*Instructions to follow*.
Quote the entries below from the line with "Постер складається з" through the line with "移动19303班王志荣(右)与班主任项阳阳合影留念", both ends included, and only those lines.

-- Provided data follows --

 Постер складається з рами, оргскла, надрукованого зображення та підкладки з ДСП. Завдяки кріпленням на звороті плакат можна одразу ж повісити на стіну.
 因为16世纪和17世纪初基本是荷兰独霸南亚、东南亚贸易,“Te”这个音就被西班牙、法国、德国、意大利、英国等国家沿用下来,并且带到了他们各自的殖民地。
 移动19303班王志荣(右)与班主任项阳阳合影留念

-- Provided data concluded --
-- Provided data follows --

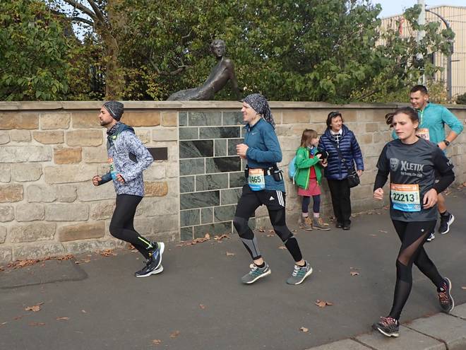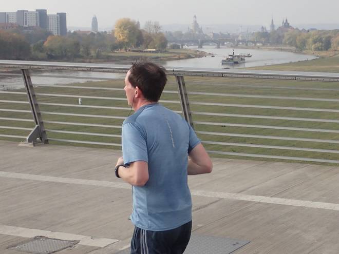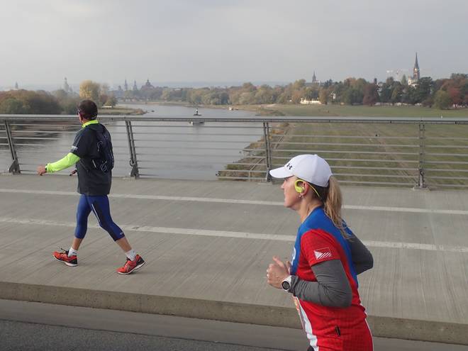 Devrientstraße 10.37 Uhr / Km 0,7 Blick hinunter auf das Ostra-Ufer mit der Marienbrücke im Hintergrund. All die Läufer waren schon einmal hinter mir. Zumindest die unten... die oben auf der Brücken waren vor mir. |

-- Provided data concluded --
-- Provided data follows --

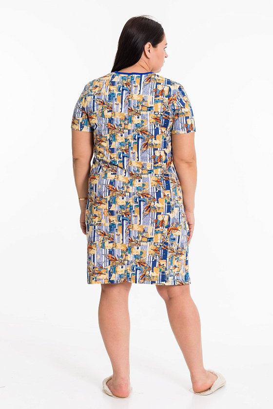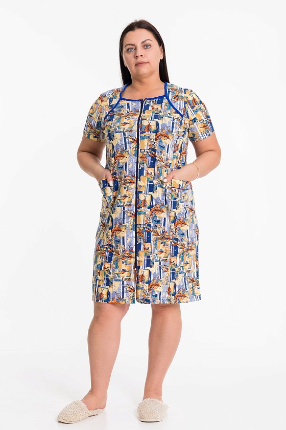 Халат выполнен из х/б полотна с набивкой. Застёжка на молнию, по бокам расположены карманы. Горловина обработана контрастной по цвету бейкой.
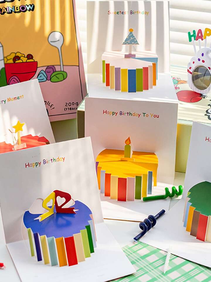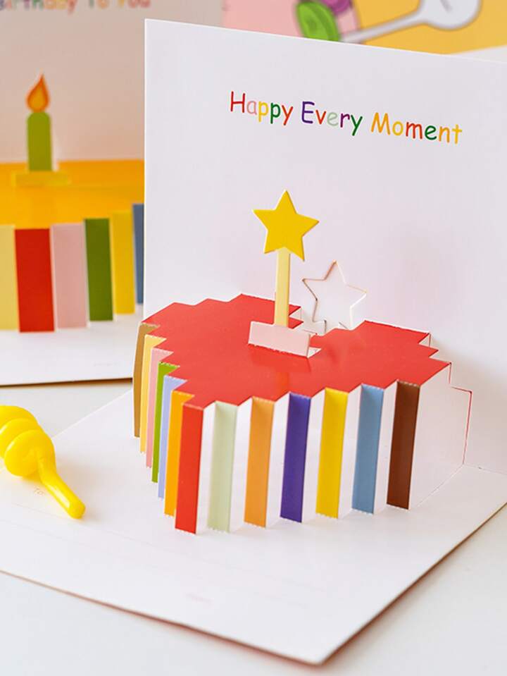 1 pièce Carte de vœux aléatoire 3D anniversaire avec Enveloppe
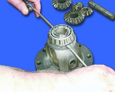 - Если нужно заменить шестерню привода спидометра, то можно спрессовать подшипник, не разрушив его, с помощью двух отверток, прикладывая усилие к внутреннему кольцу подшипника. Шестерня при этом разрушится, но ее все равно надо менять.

-- Provided data concluded --

*Result for this exercise*.
 Постер складається з рами, оргскла, надрукованого зображення та підкладки з ДСП. Завдяки кріпленням на звороті плакат можна одразу ж повісити на стіну.
 因为16世纪和17世纪初基本是荷兰独霸南亚、东南亚贸易,“Te”这个音就被西班牙、法国、德国、意大利、英国等国家沿用下来,并且带到了他们各自的殖民地。
 移动19303班王志荣(右)与班主任项阳阳合影留念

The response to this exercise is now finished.